Miles looked confused. “You did—surely…” He thrust a finger under the envelope he held in his hand. Then he hesitated. They were at cross-purposes to the end. For Brand, without heeding him, had taken up his brush and was signing, with that elaborate monogram, his amazing achievement.
6
Miles came out blindly, the letter in his hand. He could not, all that night, blot out from his mind the thought that, by his deed, a man now vigorous and alert would in a few hours be thrust out of a scheme of life in which he gloried and that he might enrich and explain. Walking through the dim streets, he was visited by a powerful temptation to destroy the envelope and its contents, and let that grey-faced, shuddering creature in a Grebeshire gaol take his chance. It wasn’t as if his life was of any value. But common sense, rescuing him from sentiment and personal desire, advised him that it was too late for heroics of this nature. In life it is never possible to go backwards, and, whatever the future held, he must advance to meet and conquer it. And so, with a sense of finality, he posted the confession in one of the grey-blue boxes, nailed to the wall, that he saw as he passed, and walked—and walked—with no sense of direction, till the day was bright all about him.

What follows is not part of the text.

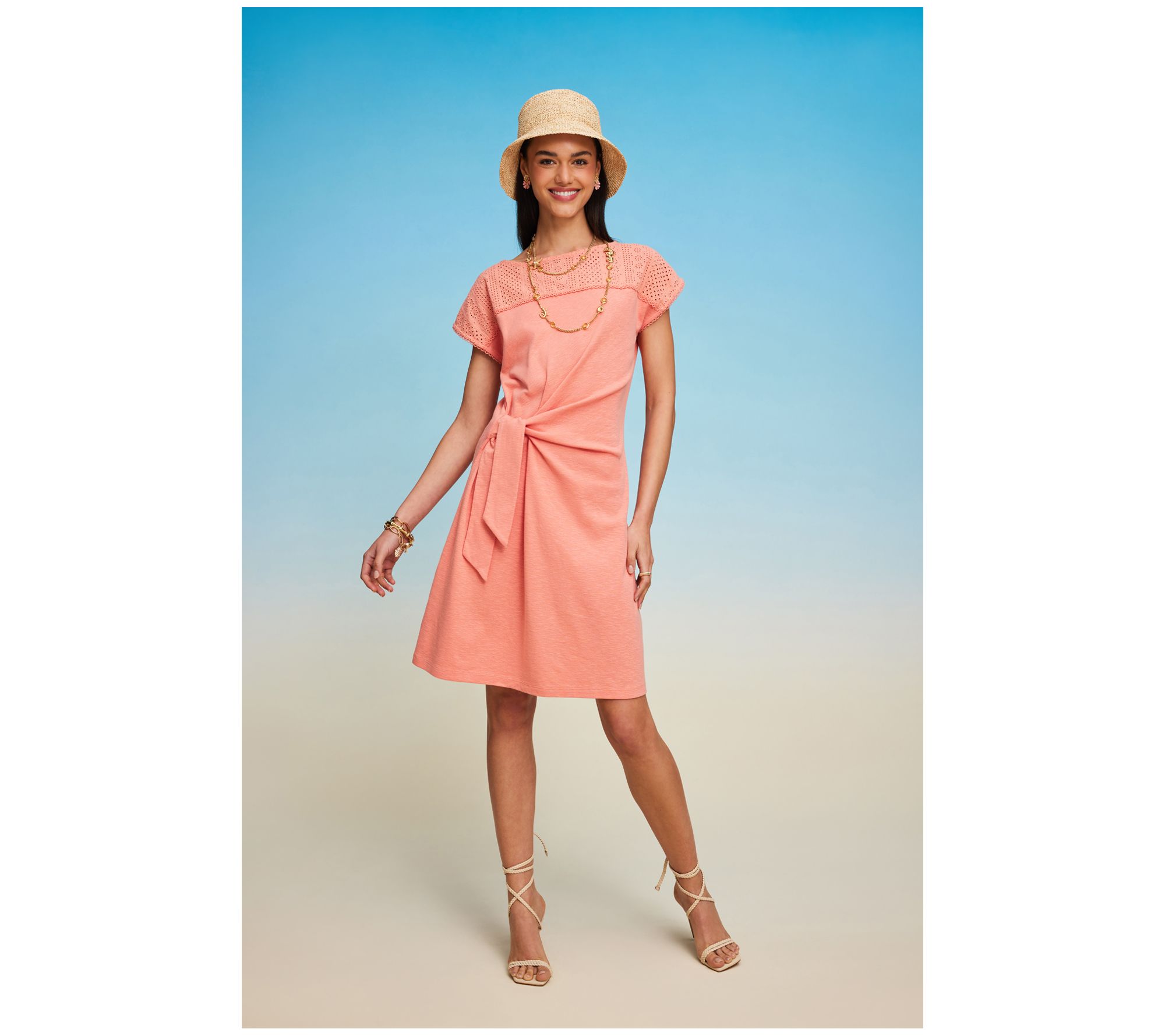 Dress to impress in this fashion-forward frock that features a cutout detail along the neck and shoulders and a functional side tie that cinches the waist to create a flattering and feminine silhouette. From Isaac Mizrahi Live!TM.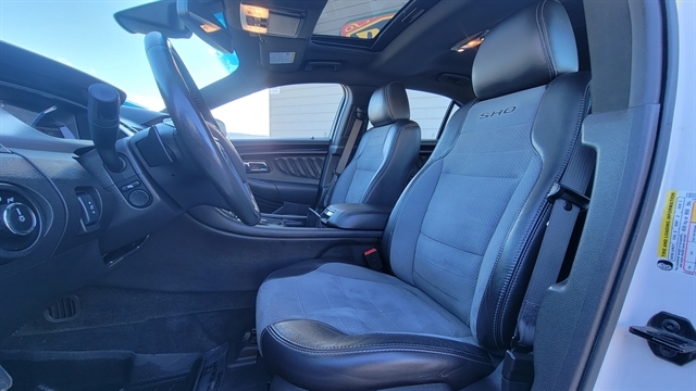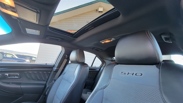 THIS IS A RARE FIND! 2016 FORD TAURUS SHO, 3.5L TWIN TURBO V6 WITH 365 HP, 6 AUTOMATIC TRANSMISSION WITH SST PADDLE SHIFTERS AND ALL WHEEL DRIVE! THIS SHO IS WELL EQUIPPED WITH POWER LOCKS, POWER WINDOWS, POWER ADJUSTING MIRRORS, MULIT-COUNTOURED LEATHER SEATS WITH HEATED AND COOLED FRONT SEATS, HEATED OUTBOARD REAR SEATS, SATELLITE RADIO, CD PLAYER, PHONE PORTS AND BLUETOOTH ON SONY SOUND SYSTEM. EQUIPPED WITH BLINDSPOT MONITORS, ADJUSTABLE PEDALS, ADAPTIVE CRUISE CONTROL, LANE KEEPING, POWER SUNROOF, HEATED LEATHER STEERING WHEEL, ALLOY WHEELS, ALL-WEATHER MATS, 360 BACKUP CAMERA, REVERSE SENSORS, NAVIGATION, REMOTE START AND MUCH MORE! SUCH A SHARP RIDE THAT HAS POWER AND HANDLING! CALL(605)642-1900 TODAY OR STOP IN FOR A TEST DRIVE!

And with the coming of light, the dawn of a new era, as each day was to the individual, came reflections to soothe and console him. He remembered the opening words of a novel he had once read, and that had impressed him strongly at the time: “It is a pity that we cannot die when our lives are finished.” A pity! When one remembered the army of artists and writers and poets who laboured in the pathetic self-delusion that industry can replace genius, who insisted on bombarding the public with work after work long after inspiration was dead, desperately clinging to their ancient reputation (and their royalties), what better could one hope for any of their number than that he might pass in the zenith of his powers and at the height of his achievement? Brand would never surpass that picture. In it he had given expression to all the force and vitality and power that he possessed; it was the high-water mark of his maturity, the only kind of immortality he would have valued.
And, comforted thus, Miles retraced his steps and went down to the station, where his train waited to take him back to Calais and thence to England, back to the sensations of the trial, the subsequent re-arrest of Eustace Moore, and his final sentence of seven years for fraud.
Epilogue
The critic in the —— TIMES of the 27th October, 1932, wrote:
…But the pièce de résistance of the Exhibition is undoubtedly the canvas entitled ‘The Murderer,’ by the late Mr. Hildebrand Gray, by whose tragic death in the spring of this year Art lost one of her most valuable disciples. This magnificent picture, both in courage of conception and vigour of execution, displays a nobility and promise that fall little short of actual genius. It is impossible to predict what Mr. Gray might not have achieved but for his untimely death.
Brand himself might have observed with his ready cynicism, “Since it’s impossible, why talk of it? And as for what a man might have done, why talk of that either? It’s what he does that matters. This,” he might have said, “is what I do. And as for the meaning of it—who knows?”